- Born: Siswanto 1963 Indonesia
- Died: 26 March 2007 (aged 43–44) Nusa Kambangan, Indonesia
- Other name: Robot Gedek
- Conviction: Murder
- Criminal penalty: Death

Details
- Victims: 12
- Span of crimes: December 1994 – 1996
- Country: Indonesia
- Date apprehended: 6 August 1996

= Siswanto (serial killer) =

Indonesian serial killer (1963–2007)

Siswanto (1963 – 26 March 2007), also known as Robot Gedek, was an Indonesian serial killer who killed and mutilated twelve boys.

==Biography==
Siswanto was born in 1963 in Indonesia. He was homeless during his crimes.

Siswanto sexually molested and killed 12 boys, aged 9 to 15, from December 1994 to when the last body was found on 5 July 1996. Police reported that he had slashed open the stomachs of all his victims, with most being found naked. He also told police that he enjoyed drinking his victims' blood and kept pieces of their skin.

On 6 August 1996, Siswanto confessed to 8 murders in Jakarta, and 2 in Pekalongan in Central Java.

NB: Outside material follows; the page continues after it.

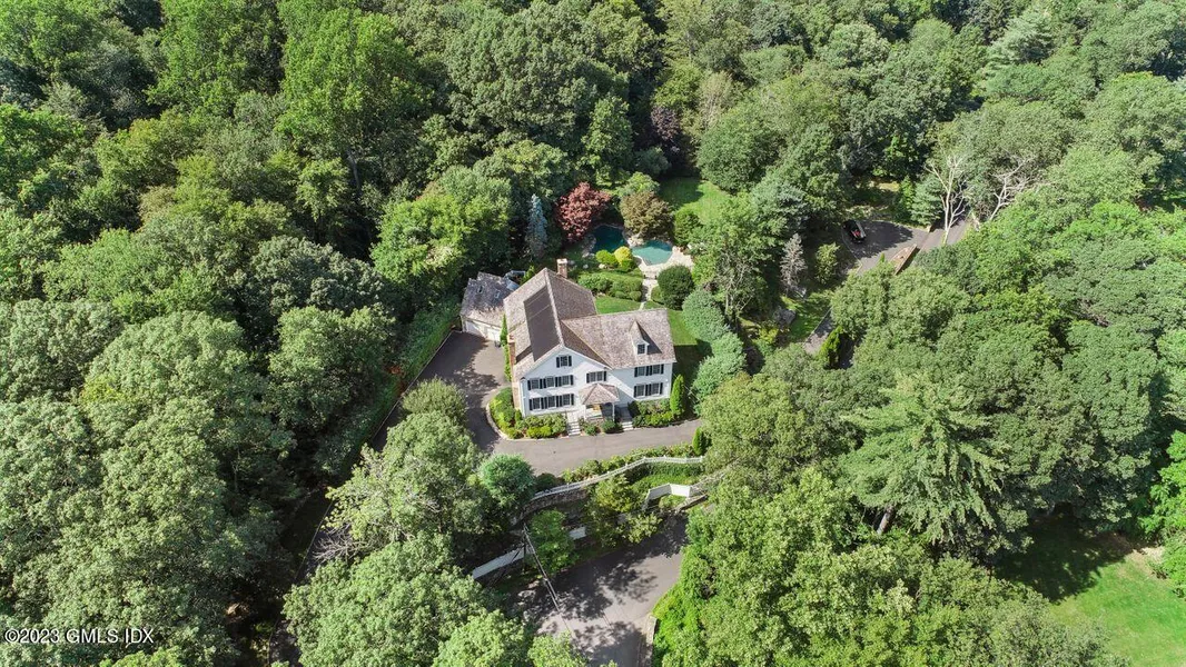 Go inside to a wonderful colonial built by Vincent Vartoli. This home boasts high ceilings, custom moldings, large scaled rooms, a gourmet kitchen open to family room with fireplace, living room with fireplace, office and first floor in-law en-suite bedroom. The second floor primary suite has his and her luxury baths and walk in closets along with 3 other large bedrooms and additional 2 full baths. Unfinished attic has been plumbed to be easily finished. Lower level continues with high ceilings, great bonus playroom and half bath. Pool, pool house with full bath, wood deck, stone walk ways, irrigation, driveway with double entrances, generator, cedar roof, French drains, solar panels and elevator complete this private oasis. OWNER FINANCING AVAIL up to $1MM @ 5% w 20% down.

Siswanto was sentenced to death for 12 murders on 21 May 1997. Serial killer Baekuni was thought to be the key witness in Siswanto's trial. He died in prison of cardiac arrest on 26 March 2007 at the Nusakambangan prison on Nusa Kambangan Island. Judge Sartono of the Central Jakarta State Court said Siswanto's "crimes sent shock waves through the community because he sadistically killed underage boys. What he did can never be forgiven."